Queues are not scaling up, consumer wise when using a regular (non pull consumer)
Hi there, please have a look at this architecture diagram. I am building something in CF which requires running multiple scraping browsers that process messages coming in through a queue.
My
producer
is just a Hono App that is a rest API which takes message on POST and puts them on a CF queue.
My consumer
is a plain old queue consumer (not pull style). It has a Service Binding to a 3rd worker, which invokes using RPC.
The third worker is a collection of puppeteer-scripts, which houses 1 DO for managing the connections to an outbound BaaS provider, lets call this DO library
(since you can checkout slots and return them when done, similar to books).
And then, third worker has 10 different DOs (lets call them browser-worker
DOs) for those 10 different slots, that are utilized outbound at the BaaS over websockets.
Talking below in terms of real CF deployments.
I am stumped that when pushing 3 (current batch size) messages in a row, if they happen within the batch interval, a consumer run gets triggered and concurrently processes those 3 messages across the several browser-worker DO objects.
But lets say, I am late in publishing 2 of those messages. So I publish 1, then wait the batch interval and publish 2 more. Those 2 don't get picked up until the first run of the consumer is over. Now, I scoured the docs over this and they mention that the scale-up is automatic and is based on how much message pressure there is currently in the queue.

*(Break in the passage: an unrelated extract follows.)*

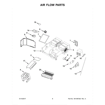 This air deflector redirects airflow inside the appliance to help maintain proper circulation and protect components from direct airflow. Replacing a damaged deflector restores intended air paths and can reduce uneven temperature or noise. What it does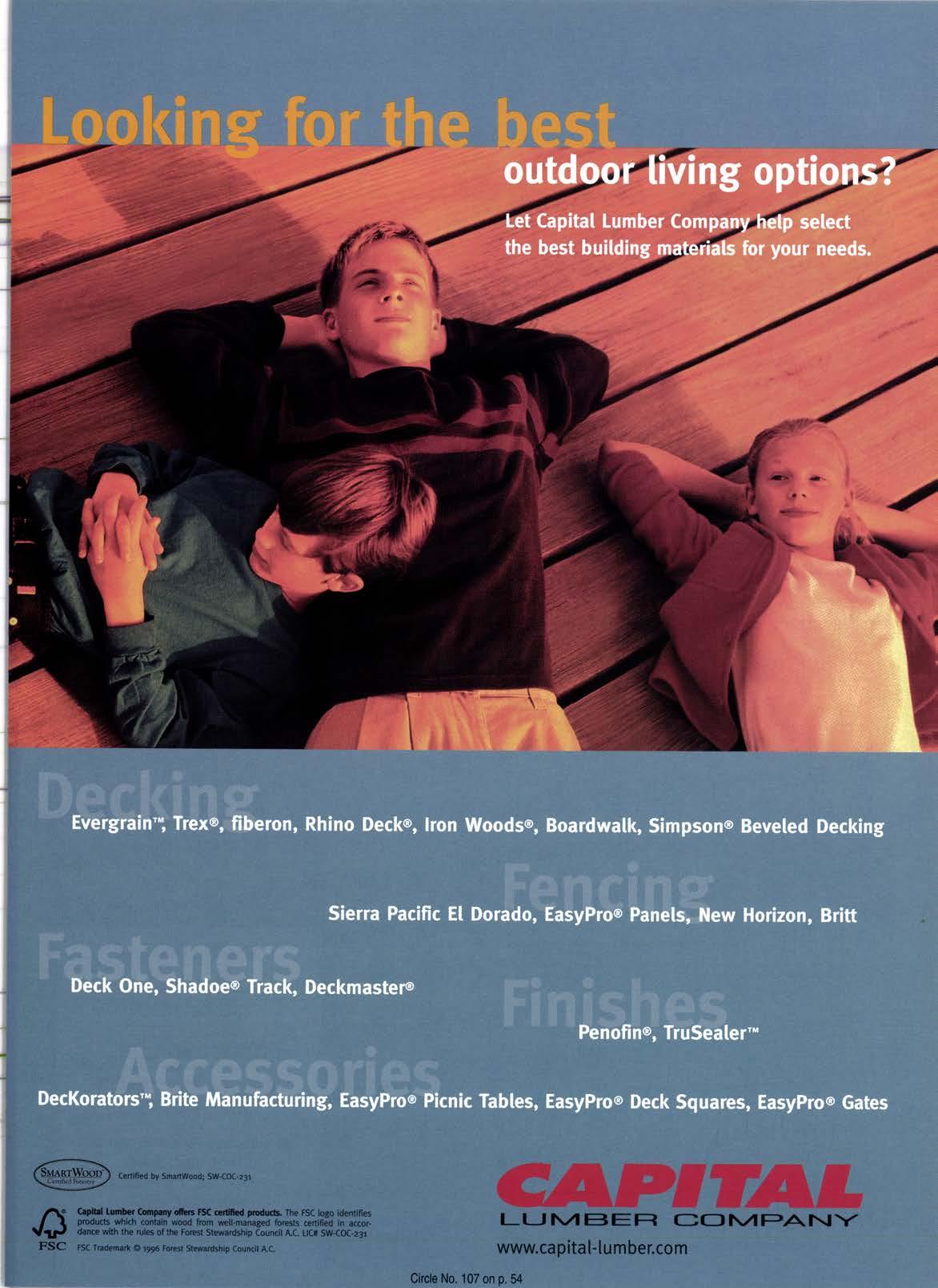 " / )J'o'n/-&, I ffi ;m t1 Capital Lunbe. Company otr€6 FSC certified products. The FSC logo identifles products which contain wood kom well-managed iorests certified in accor dance with the rules of the Forest Siewardship Council A.C. LiC# SW-COC.211 FSC Trademafk O i996 Fore5t Stewardship Council A.C. L_I-J I\.4 B E FI CO N/4PAI\Y www.ca pita l- [um ber.co m Circle No. 107 on p 54

I am launching this in 15 days and I have no way of knowing what this setup will do under pressure (without spending at my BaaS), unless I set up mock scripts that just keep busy for 60-100sec each (thats what each message can take to process). It would be good to know theoretically if I have misunderstood some aspect of this and if the Service Binding is considered busy by the runtime (when one consumer is in progress and that is the bottleneck) and that's why new consumers aren't being spun up.

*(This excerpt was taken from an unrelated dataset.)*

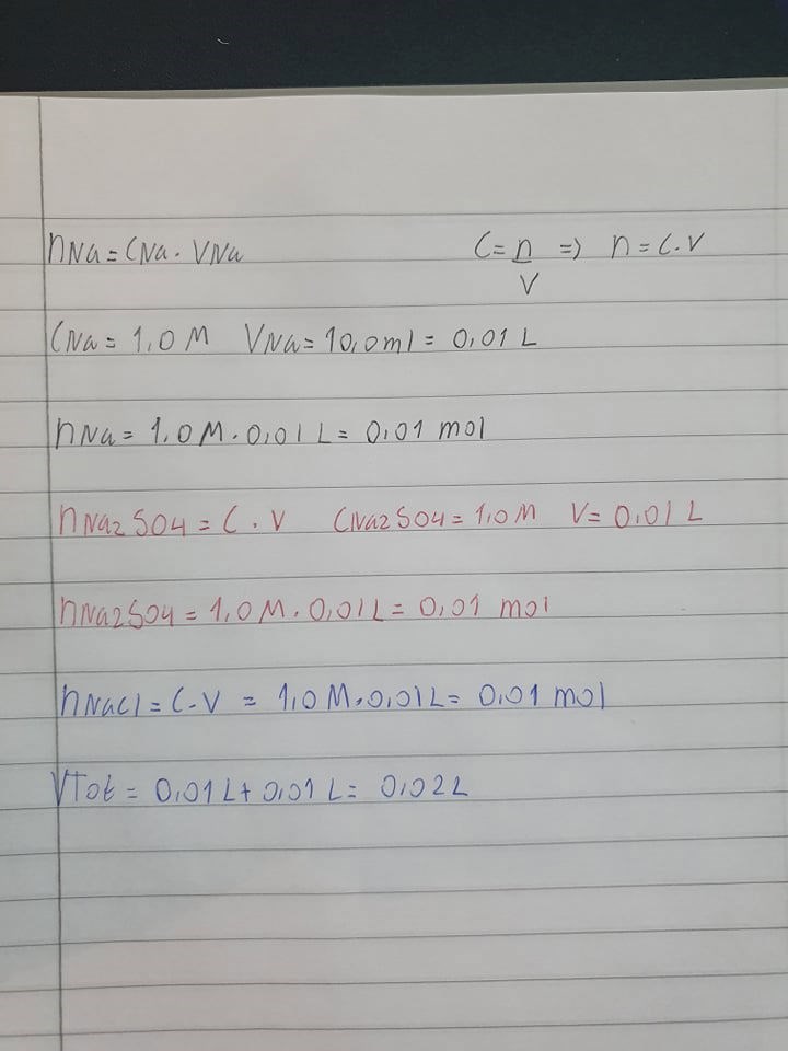 Hur många mol natriumjoner finns det i 10,0 ml 1,0 M Na2SO4? Hur många mol natriumjoner finns det i 10,0 ml 1,0 M NaCl? Hur många mol natriumjoner finns det totalt?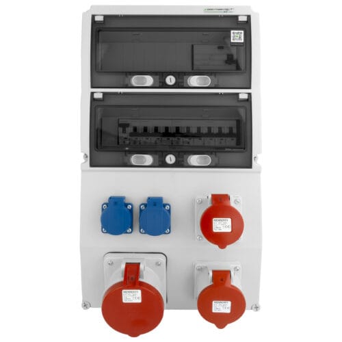 Rozdzielnica budowlana 63A 32A 16A CEE 2x230V eXT-S/FI Schuko z zabezpieczeniami gniazda Mennekes Doktorvolt DV-0847-D

Thanks for the help!4 Replies
FYI there's a limit of max 2 parallel browser
Also, from my experience, sometimes queues don't immediately fire (even though I set the treshold to be very minimal). I thought it's a bug, but after cooking and finishing my ramen, it's running
thanks! i am using Zenrows which offers 10 parallel browsers.
i thought so @TW - i could sometimes see it parallel processing but not with enough consistency. Which threshold are you referring to, just curious? batch size and interval?
thanks for the tip, but its pricing is too steep for my current load (min $69/mo)
smallest max_batch_size (1) and max_batch_timeout (0). my reasoning is those small values should trigger queues immediately (well it does, sometimes)
Continuing the conversation here: https://discord.com/channels/595317990191398933/1325281450622193696/1325556057283756078
Cooked many a ramen bowls but they simply don't scale up even with a noop implementation that takes 60s (with a setTimeout).